- **Task statement**
Look through the entries below and extract exactly the lines from the one containing "6月25日晚,校党委常委、副" through the one containing "別人駕駛你的愛車,不放心?你", ends included.

- **Extracted information**

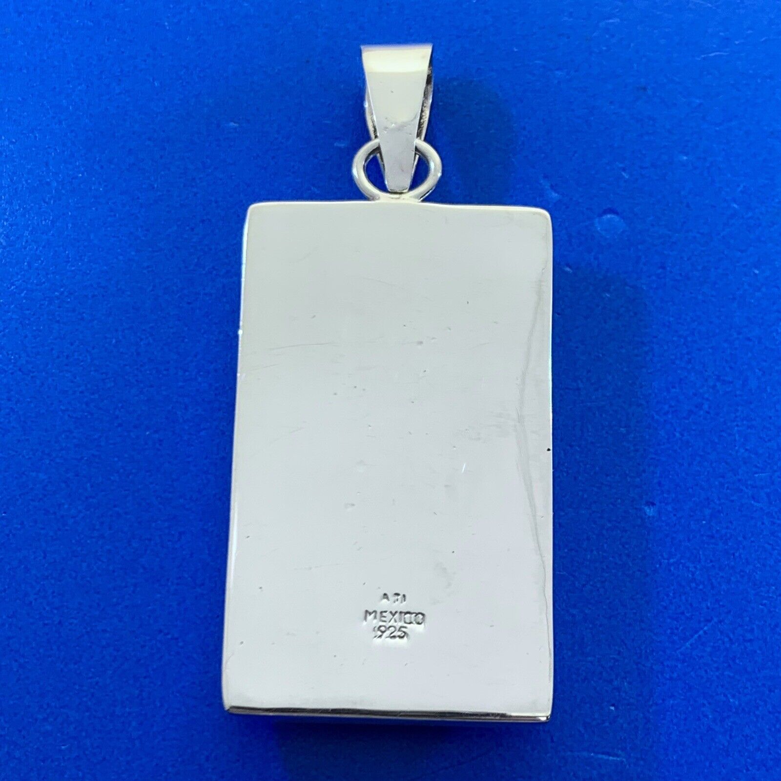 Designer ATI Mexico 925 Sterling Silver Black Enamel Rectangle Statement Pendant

==

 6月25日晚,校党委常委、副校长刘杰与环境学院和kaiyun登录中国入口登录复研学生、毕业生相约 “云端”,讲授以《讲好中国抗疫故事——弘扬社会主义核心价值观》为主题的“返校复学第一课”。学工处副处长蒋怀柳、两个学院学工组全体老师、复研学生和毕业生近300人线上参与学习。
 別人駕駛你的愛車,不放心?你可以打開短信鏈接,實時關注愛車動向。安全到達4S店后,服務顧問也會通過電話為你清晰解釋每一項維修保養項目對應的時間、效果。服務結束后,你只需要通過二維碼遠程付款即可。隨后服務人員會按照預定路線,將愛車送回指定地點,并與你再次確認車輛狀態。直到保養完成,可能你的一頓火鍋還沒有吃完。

* * *

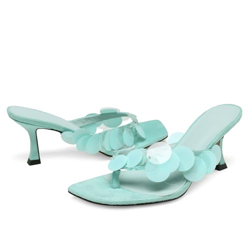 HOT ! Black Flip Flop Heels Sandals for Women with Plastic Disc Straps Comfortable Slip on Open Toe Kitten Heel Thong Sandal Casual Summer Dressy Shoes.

- **Reply to the task**
 6月25日晚,校党委常委、副校长刘杰与环境学院和kaiyun登录中国入口登录复研学生、毕业生相约 “云端”,讲授以《讲好中国抗疫故事——弘扬社会主义核心价值观》为主题的“返校复学第一课”。学工处副处长蒋怀柳、两个学院学工组全体老师、复研学生和毕业生近300人线上参与学习。
 別人駕駛你的愛車,不放心?你可以打開短信鏈接,實時關注愛車動向。安全到達4S店后,服務顧問也會通過電話為你清晰解釋每一項維修保養項目對應的時間、效果。服務結束后,你只需要通過二維碼遠程付款即可。隨后服務人員會按照預定路線,將愛車送回指定地點,并與你再次確認車輛狀態。直到保養完成,可能你的一頓火鍋還沒有吃完。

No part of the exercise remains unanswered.